2D 1H–15N HSQC spectra were acquired for [U-15N]-labeled Tcl-1 and [U-15N]-labeled GFP at the National Magnetic Resonance Facility at Madison (NMRFAM) on 600 and 750 MHz Bruker spectrometers equipped with cryogenic 1H, 15N, 13C triple-resonance probes. The sample temperature was regulated at 35°C. The NMR spectra consisted of 1,024 and 100–110 complex data points, respectively for 1H and 15N. For each increment, 128 scans were used for [U-15N]-labeled Tcl-1, and 16 scans were used for [U-15N]-labeled GFP.

Crystallization of AIA–GFP

AIA–GFP was screened initially using the UW192 screen. From this screen, crystals were observed within 2 days from five different conditions. One condition was optimized for structure determination.

AIA–GFP crystals were grown by hanging drop vapor diffusion. The crystals reached a size of ∼0.1 × 0.1 × 1 mm rods in approximately 3 days at 25°C in a mother liquor consisting of 100 mM HEPPS, pH 8.5, 80 mM CaCl2, and 15% PEG 4K. Hanging drops consisted of 2.5 μl of protein solution and 2.5 μl of mother liquor. Crystals were soaked in mother liquor containing increasing amounts of glycerol to a final concentration of 20% and flash cooled in a stream of liquid nitrogen. X-ray diffraction data were collected on a BrukerAXS PROTEUM R (BrukerAXS, Madison, WI) diffractometer at −180°C using CuKα radiation from a MicroStar (BrukerAXS, Madison, WI) source with a rotating anode generator operated at 44 kV and 45 mA. The X-ray data were processed and scaled with PROTEUM 2 (BrukerAXS, Madison, WI).

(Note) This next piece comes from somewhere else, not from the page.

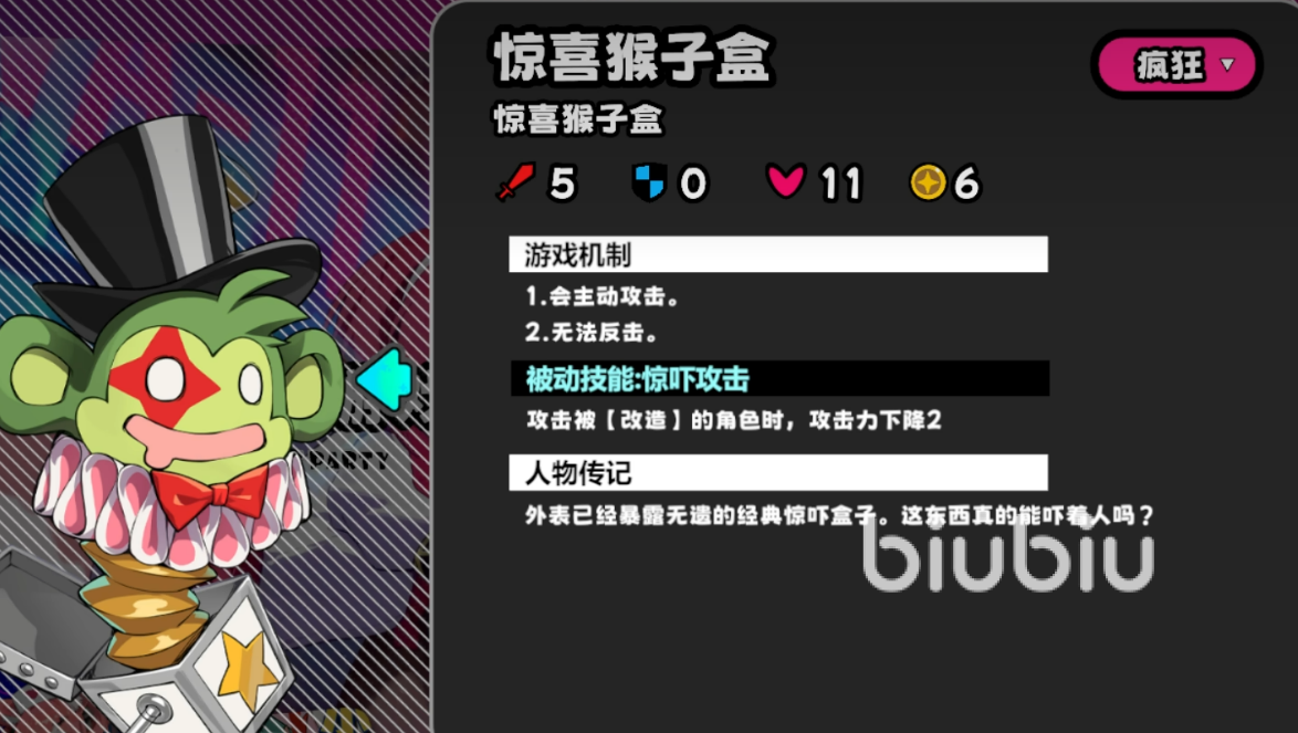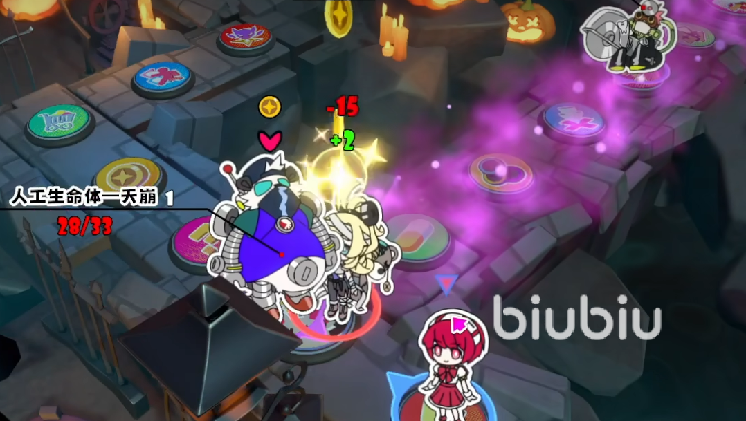 基础怪物“盒子”无反击能力,路径经过即可攻击;击杀后对带有改造buff的目标造成2点攻击力削弱。所有怪物掉落星币数量已在图鉴中明确标注,便于资源规划。精英怪“圆锯猴”具备反击特性,且每三回合为六格范围内未携带改造buff的单位施加三层改造,是改造层数快速累积的主要源头;击败后必掉一张糖果卡,收益可观,建议优先处理。

The structure of GFP was solved by molecular replacement using PDB 2g6e as the rotation target with MOLREP from the CCP4 suite [47]. The model was built with alternating cycles of model building and refinement with COOT [48] and REFMAC [49]. Coordinates and structure factors were deposited in the Protein Data Bank with accession number 2qu1.

Results

Met auxotrophy in E. coli B834

The strain E. coli B834 is frequently used for selenomethionine labeling [50]. It is a conditional methionine auxotroph that can be complemented by the addition of vitamin B12. The exact cause of the auxotrophy was not known, but some believed that MetB was inactive [43], while others thought that MetE was [45]. To better define the origin of the auxotrophy, genomic DNA was isolated, and the regions around the metE gene (GeneBank accession number DQ267751, encoding vitamin B12-independent homocysteine transmethylase) and the metH gene (GeneBank accession number DQ272318, encoding vitamin B12-dependent homocysteine transmethylase) were sequenced.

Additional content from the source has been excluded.